In respect to my mother. I believe it is very likely that they have stopped having sex all together. She is not as free and giving with her affection. She can be loving but not always physically. They are more like friends now.

What I wish I knew is how this compulsion started with him in seeking out sex. Could maybe it be from lack of warmth from mom? Maybe this was what drove him to experiment, but now is it possible that it has turned into a type of addiction? I just wonder if he could stop if he wanted to? One of my friends suggests that it could be a relief for him to see that I know. So far it is pretty weird, because I saw him yesterday and he is not letting on that this phone mishap could lead to anything. He is acting like everything is totally normal. Also ironically their Wedding Anniversary is coming up next month on September 23rd.


----------



## jnj express (Mar 28, 2011)

You could send him an E-Mail, as if it was from an unknown source, say in the E-Mail---you know he is cheating, and if he doesn't stop instantly----everyone, and I mean everyone he knows will be told of his cheating----that may get him to stop

It won't help your mother---but what is it that you really want to do about all of this?????


----------



## Sailor's Daughter (Aug 22, 2011)

jnj express said:


> You could send him an E-Mail, as if it was from an unknown source, say in the E-Mail---you know he is cheating, and if he doesn't stop instantly----everyone, and I mean everyone he knows will be told of his cheating----that may get him to stop
> 
> It won't help your mother---but what is it that you really want to do about all of this?????

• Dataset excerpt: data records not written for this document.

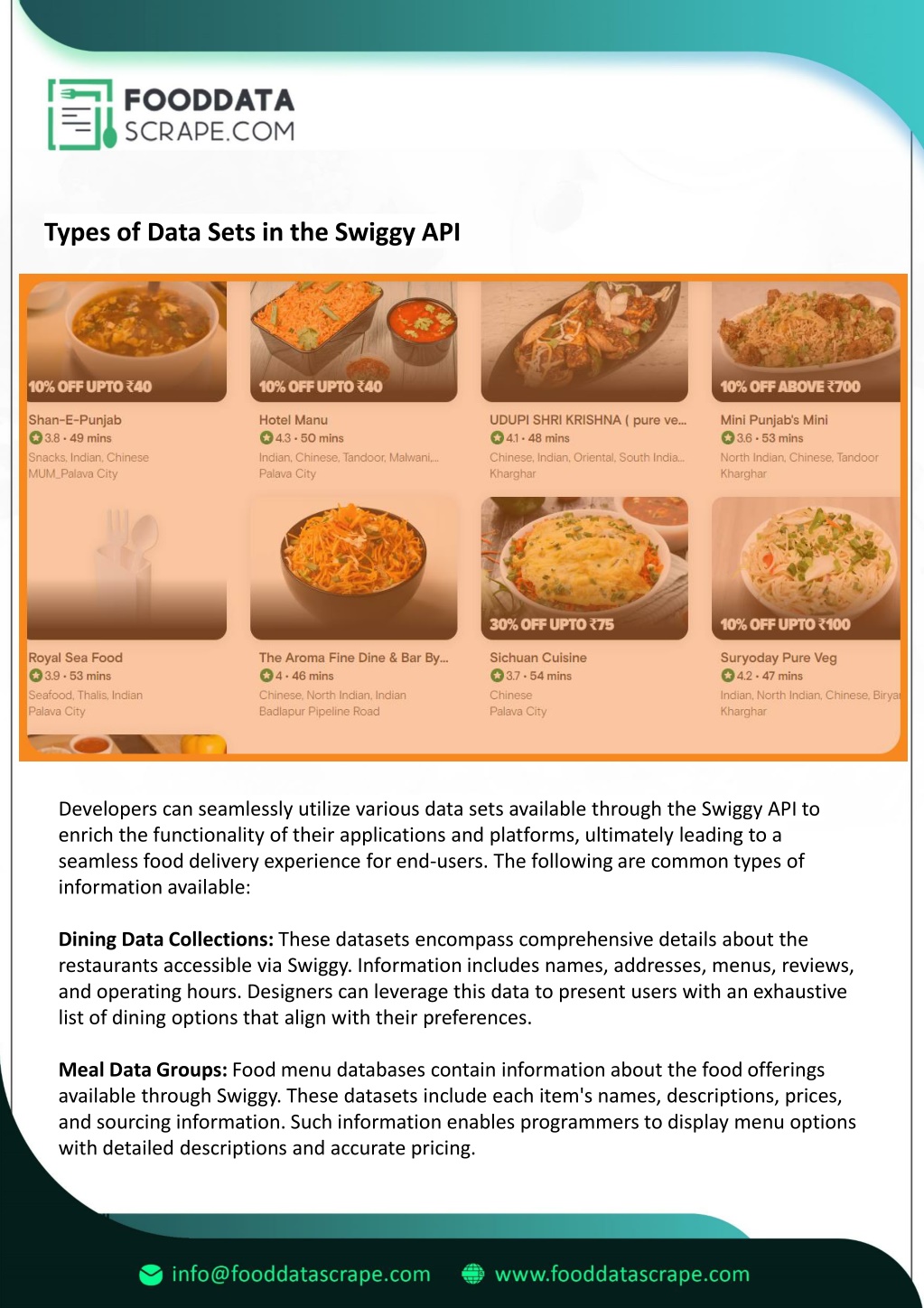 Types of Data Sets in the Swiggy API Developers can seamlessly utilize various data sets available through the Swiggy API to enrich the functionality of their applications and platforms, ultimately leading to a seamless food delivery experience for end-users. The following are common types of information available: Dining Data Collections: These datasets encompass comprehensive details about the restaurants accessible via Swiggy. Information includes names, addresses, menus, reviews, and operating hours. Designers can leverage this data to present users with an exhaustive list of dining options that align with their preferences. Meal Data Groups: Food menu databases contain information about the food offerings available through Swiggy. These datasets include each item's names, descriptions, prices, and sourcing information. Such information enables programmers to display menu options with detailed descriptions and accurate pricing.
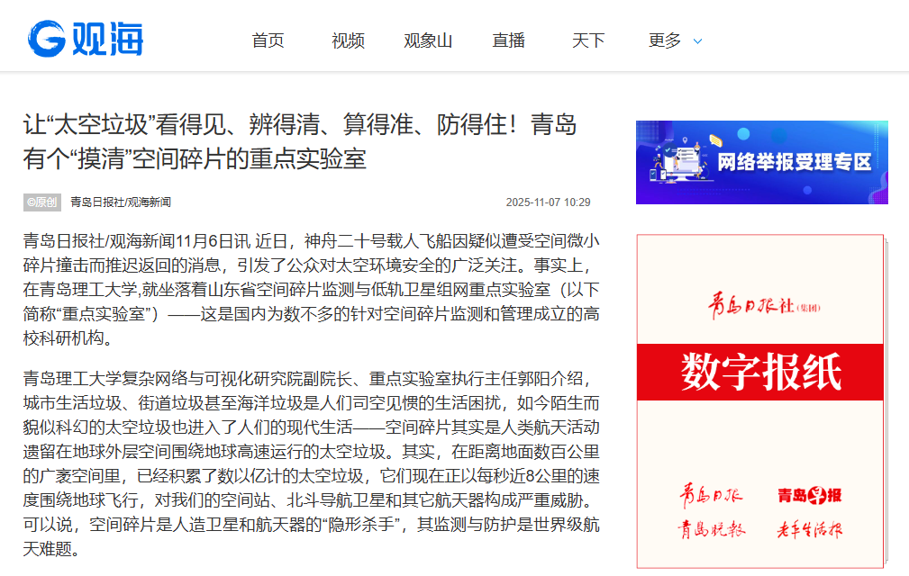 近日,神舟二十号载人飞船因疑似遭受空间微小碎片撞击而推迟返回的消息,引发了公众对太空环境安全的广泛关注。事实上,在太阳成集团tyc234cc,就坐落着山东省空间碎片监测与低轨卫星组网重点实验室(以下简称“重点实验室”)——这是国内为数不多的针对空间碎片监测和管理成立的高校科研机构。
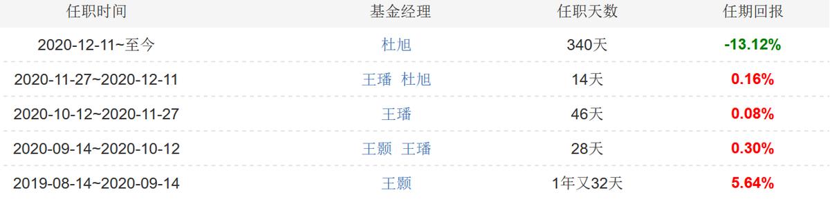 以先锋博盈纯债基金为例,该基金成立于2019年8月,先后经历过三任基金经理,第三任基金经理为目前在管的杜旭。前两任基金经理管理期,收益是正的,而杜旭的管理期内,回报为-13.12%。
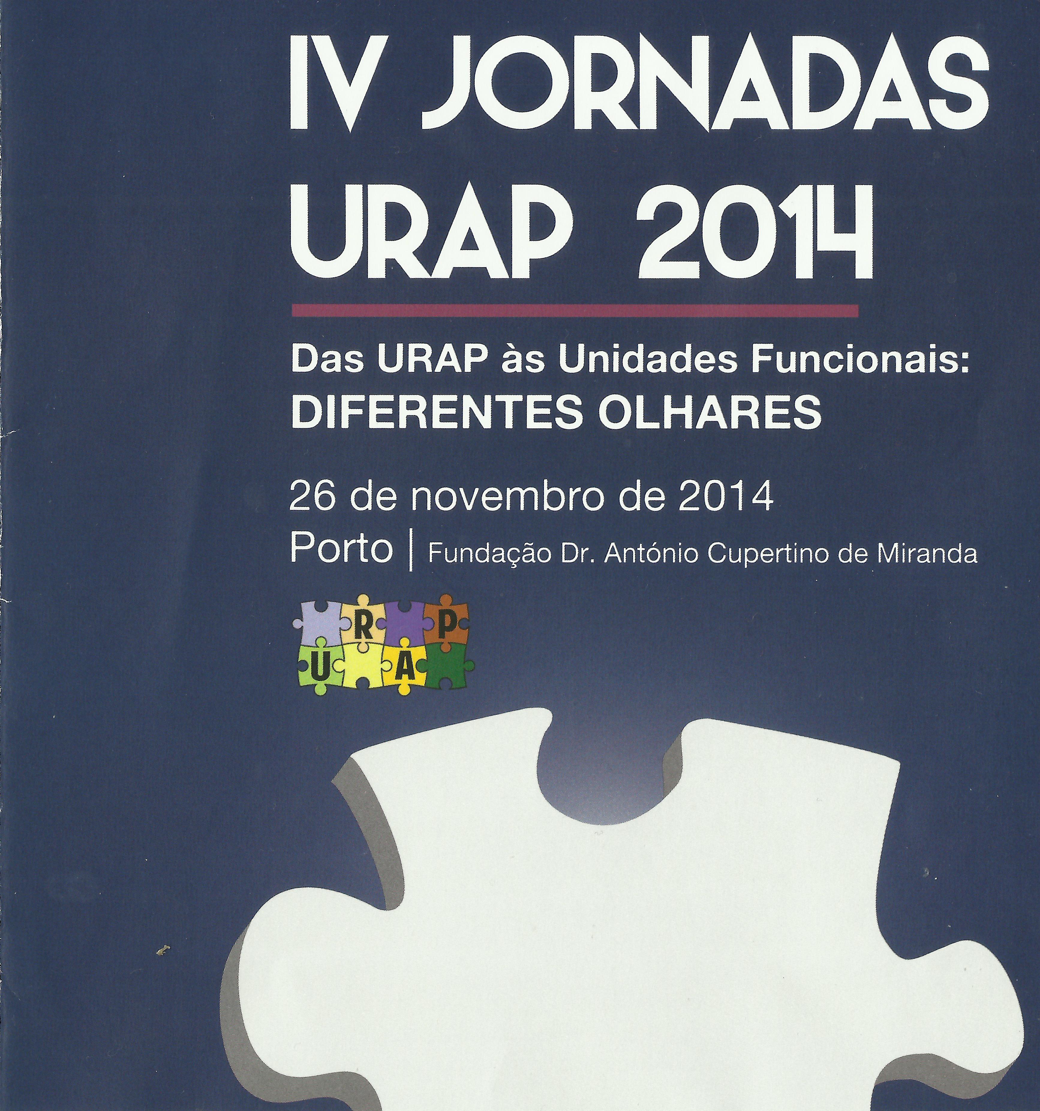 IV Jornadas das URAP, evento a ocorrer no próximo dia 26 de novembro de 2014 na Fundação Dr. António Cupertino de Miranda. A URAP é a unidade funcional do interior dos Agrupamentos de Centros de Saúde que contextualiza o trabalho da psicologia nos cuidados de saúde primários.

Thank you for your suggestion. That is a very creative idea, and could maybe work if my dad did not share an email address with my mom. :scratchhead: 

I would like to report that this is going to be handled very soon, maybe this week. I am gathering up my courage and am planning a meeting. I tried to contact my brother for some support however it does not seem likely he will respond. I am thinking he might already know as well. He helped my dad with some technical problems with his cell. Dad is very trusting to just carelessly let his phone get handled by us.

You asked what I hope the outcome might be? There are no good outcomes. The only outcome for me is that dad and I will not have this secret between us. It will be up to him what he decides to do next. I am not trying to break up the marriage by any means. If it was just an affair with one person it would be different. An escort/ prostitute service brings this to another level of risk.


----------



## the guy (Aug 3, 2010)

Tell you dad he has a day or you'll tell mom, hand him a copy of your thread and tell him this will explain the why.


----------



## Sailor's Daughter (Aug 22, 2011)

the guy said:


> Tell you dad he has a day or you'll tell mom, hand him a copy of your thread and tell him this will explain the why.

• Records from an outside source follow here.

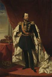| Keywords: Willem III (1817-90), koning der Nederlanden, Nicolaas Pieneman, 1856 - Rijksmuseum.jpg Artwork nl Portret van Willem III 1817-90 koning der Nederlanden Staande ten voeten uit in uniform met hermelijnen mantel De rechterhand in de zij de linkerhand op het zwaard Links op een kussen op een tafel liggen kroon en scepter Er bestaat een tweede schilderij van de hand van Pieneman dat sprekend lijkt op dit exemplaar en Portrait of William III 1817-90 King of the Netherlands Standing full-length cloak in uniform with ermine The right hand on his side the left hand on the sword To the left lying on a cushion on a table - crown and scepter There is a second painting by Pieneman that looks very similar to this one 1856 Oil on canvas cm 93 62 5 Institution Rijksmuseum Amsterdam Nicolaas Pieneman Assessments 1 William III of the Netherlands cc-zero William III of the Netherlands Nicolaas Pieneman Paintings uploaded by Chris Woodrich Uploaded with UploadWizard |
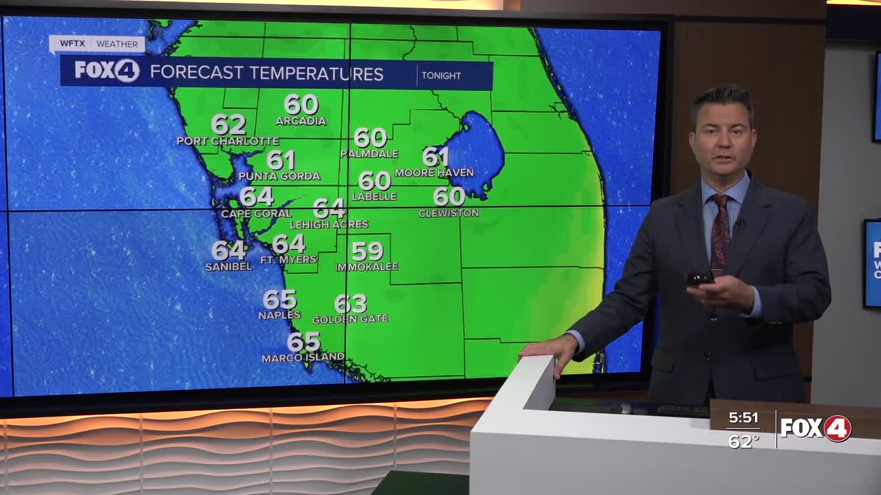 Good morning, Southwest Florida! We are waking up 10-12 degrees cooler this morning with temperatures sitting in the mid to upper 50s, which is much closer to our average of 59° for this time of the year. This afternoon we will see a mix of sun and clouds with highs climbing into the low 80s. Our average high for this time of the year is 79°. The wind will be light 5-10mph staring east and turning out of the southwest in the afternoon.
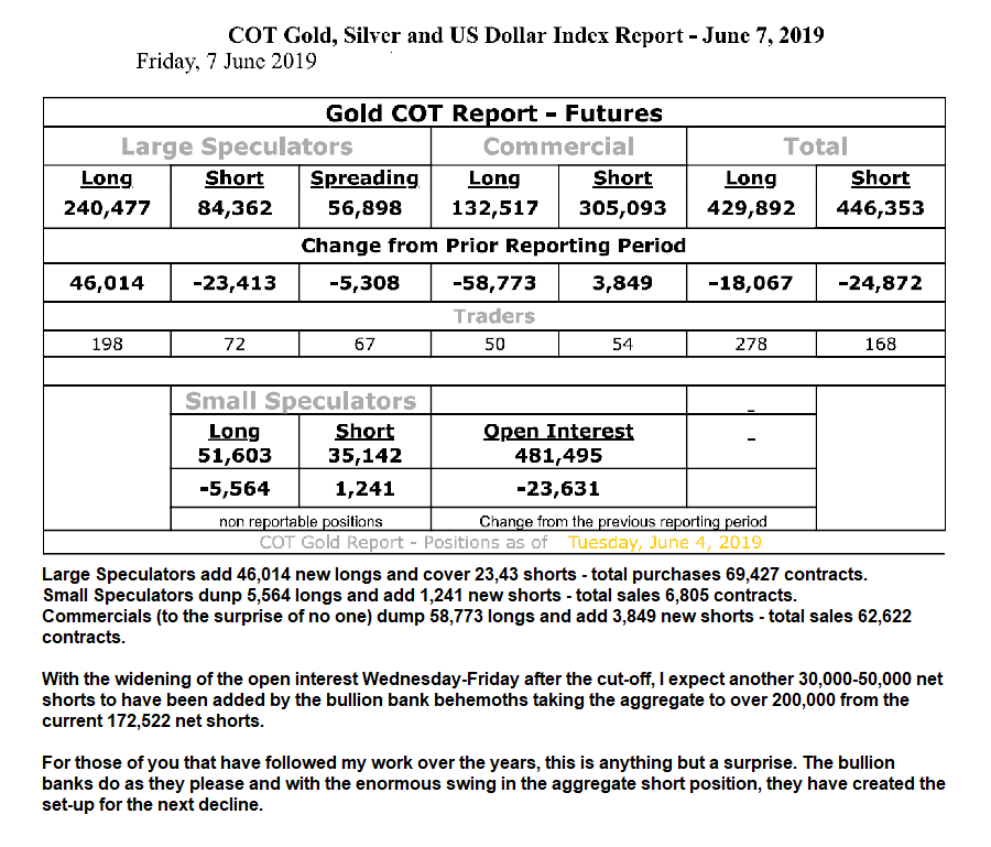 We have all seen this movie before, and while it is both maddening and infuriating, it in no way alters my longer-term bullishness on gold and silver. What this does illustrate is just how corrupt the Comex ("Crimex") has become and how important it is that you turn off CNBC and ignore the table-pounding gold bugs that would have us leveraging up at precisely the wrong time (like last Thursday/Friday), with RSI (relative strength index) readings in the mid-to-high 70s and the investment conference rock stars all feverishly tweeting out targets of $1,400-plus by July 4. When the bullion banks are sellers, you do not want to be long. Period.
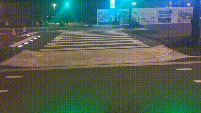 斑马线上安装了智慧发光灯,智慧发光灯和人行横道信号灯颜色同步。当人行横道信号灯为绿灯时,智慧发光灯会闪现绿光,靠近机动车道的部分则亮起白灯,提示机动车禁止通行。在夜间或大雾等环境下,智慧发光灯可以让行人和车辆更加直观地看到信号灯的变化,减少交通事故的发生。另外,智慧发光灯也可以提醒过马路的“低头族”,注意交通信号灯的变化。
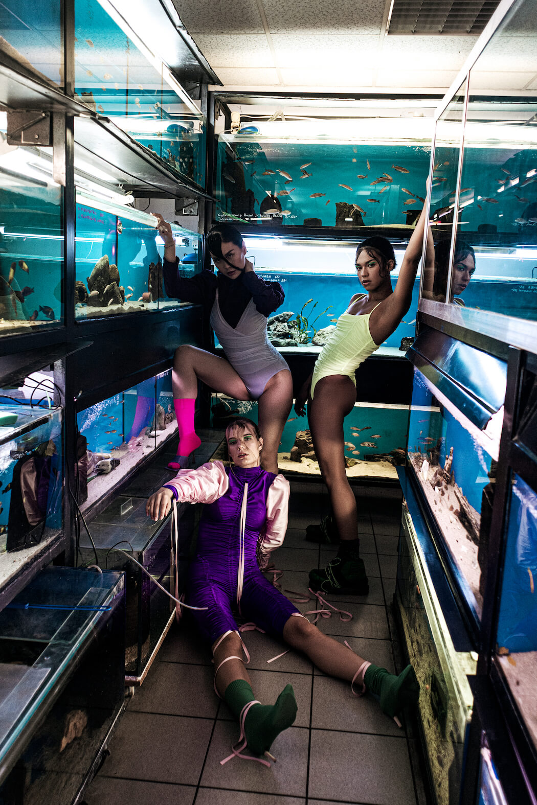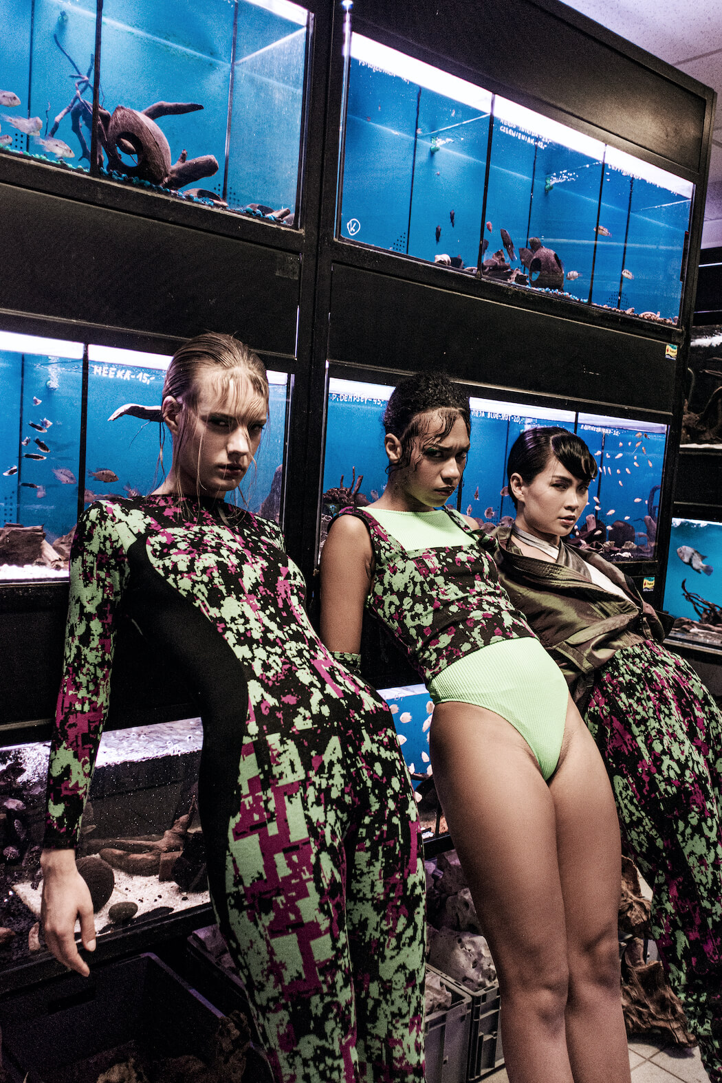 “The project had lots of adversity. I couldn’t find a photographer. All of our locations were hard to reach. Some designed projects from fashion designer arrived when we already started to shoot. But finally, we did everything that was planed about that session and created a visible vision. PRISMATIC 2.0, is a project inspired by triangle transparent optical element, with selected colour palette, which refers to the underwater colours. Due to the increasingly widespread topic of water and coral reef protection, we wanted to show the variety of colour and ethnic possibilities (a reference to species). 2.0 is about searching for new versions of already known content, forms and canons.”

Nice. Well at least he has a pacemaker so it would not cause him to have a heart attack. I will keep this idea in mind. Thanks


----------



## that_girl (Jul 6, 2011)

I would tell my dad he has a week to tell my mom or I will.

Not because he's cheating, but god forbid he gave her a disease, etc.


----------



## the guy (Aug 3, 2010)

:iagree:

Sorry I forgot about his age, I just though with his active life style he could handle it.

Give him a week to put a plan together


----------



## Catherine602 (Oct 14, 2010)

I dont know how old you are or what your relationship status is but I would like to set the record strait lest you think that the sex with prostitutes is somehow justifiable because a man has sexual desires. It is not. 

Your father engaged in illegal and immoral activity. Not only that, he spends time and money on these prostitutes and expended emotional feelings on women who did nothing for him but give a few minutes of pleasure. If he is having any sexual contact with your mother, then in essence she is having sex with prostitutes too. 


You may worship him as a hero but ill bet your mother doesn't and for just cause. You are naive to think that he started seeking sex out side of the marriage 1 year ago. I'll bet a few pennies that he has been doing it for quite some time during the matrriage. 

So you see your mother who, it appears, remained with this man, had his kids, stood by him has been rewarded with a man who spends time and money and emotions directed at paid sex workers. Nice moral man? 

You may not like your mother but at lest understand that if she is married to a man who can do this for a few minites of sexual pleasure, what else has he done? She may have more to complain about than you know. 

Be careful how you evaluate both your parents. Your mother's personality is no reason for your father to risk her health, her emotional stability, risk police action, extortion, blackmail and siphon off the family finances. Your farther may appear to be a loving man but clearly there is another side of him that is the side your mother sees.

Step into your mothers shoes for a while and try to see your father the way she sees him. Why not forgive her for what ever rift that has been created between you. Try to understand her. There is nothing worse than a child who rejects one parent in favor of another without knowing the full story.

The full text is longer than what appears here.